I've been in this market for seven years. I started with 30,000 yuan, and now my account has reached the 50 million level. Many people ask me what my secret is. To be honest, it's all about sticking to the "50% Position Rule"—never risking everything, never going all-in.



On average, I can achieve a 70% monthly return. I once mentored a student who followed this strategy and doubled their capital in three months. The market looks pretty good today, so I felt inspired to lay out the things I've learned over the years.

**Let's start with position sizing.**
I divide my principal into five parts and never use more than one part per trade. Each trade has a 10% stop-loss, so even if I hit a bad trade, I only lose 2% of my total account. Even if I get five trades wrong in a row, the total loss is just 10%. But as long as I catch the right trend, taking profits above 10% is easy—no matter how you calculate it, you can't lose.

**About trend judgment.**
Most rebounds during a downtrend are bull traps. In a real uptrend, every dip is a buying opportunity. Don't always try to catch the bottom or the top—following the market works better than guessing turning points. Coins that spike in the short term? Don't touch them. Whether it's blue chips or small caps, consecutive strong rallies are rare, and the higher the price goes, the harder it is to keep climbing. If you see high volume at the top but the price doesn't move, that's a signal it's running out of steam and will probably go down next.

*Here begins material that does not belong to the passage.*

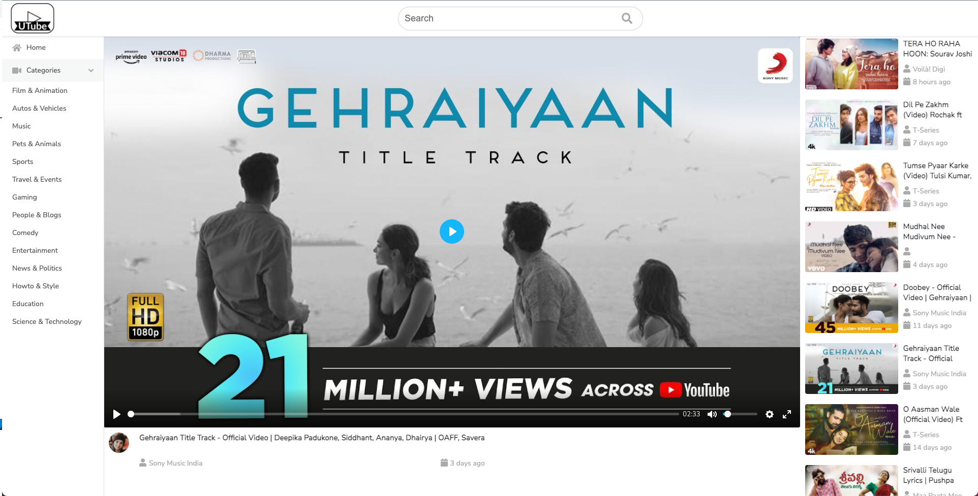 UTube (Youtube Clone) Youtube Clone Made with Vue3 Demo Link Project setup Create .env file in root folder of the application and add your youtube API KEY VUE_APP_GOOGLE_API_KEY=your_api_key_here Install dependencies yarn Compiles and hot-reloads for development yarn serve Compiles and minifies for production yarn build Lints and fixes files yarn lint Customize configuration See Configuration Reference.

**As for technical indicators, I mainly watch MACD.**
When the DIF and DEA lines cross upwards below the zero line and break above it, that's a solid entry point. Conversely, if the MACD dead crosses and turns down above the zero line, it's time to reduce your position—no hesitation.

**Here's a pitfall you must avoid—averaging down on losing positions.**
This strategy has ruined countless retail investors: lose, add more, lose even more, and get stuck deeper. Remember this: only add to winning trades, never throw good money after bad on losing ones.

**Keep a close eye on volume and price action.**
If a coin consolidates at a low level for a long time and suddenly breaks out with volume, it's worth watching. If there's high volume at the top but the price stalls, get out. Volume doesn’t lie—it's the truest reflection of market sentiment.

**The moving average system is my main battlefield.**
If the 3-day MA turns up, there's short-term potential. If the 30-day MA is rising, the mid-term trend is in place. If the 84-day MA starts to rise, it means we're entering a major rally. If the 120-day MA is also up, that's a long-term bull market. Time is money—picking the right trend makes you ten times more efficient.

**You must review your trades after every close.**
Check if your logic has changed, whether the weekly trend matches your expectations, and watch for any signs of reversal. The market changes, and your strategy needs to adapt.

Ultimately, relying on emotion or luck won’t get you far in this market. Only a systematic thinking framework and a repeatable trading method can cut through the noise and distractions and actually make you money.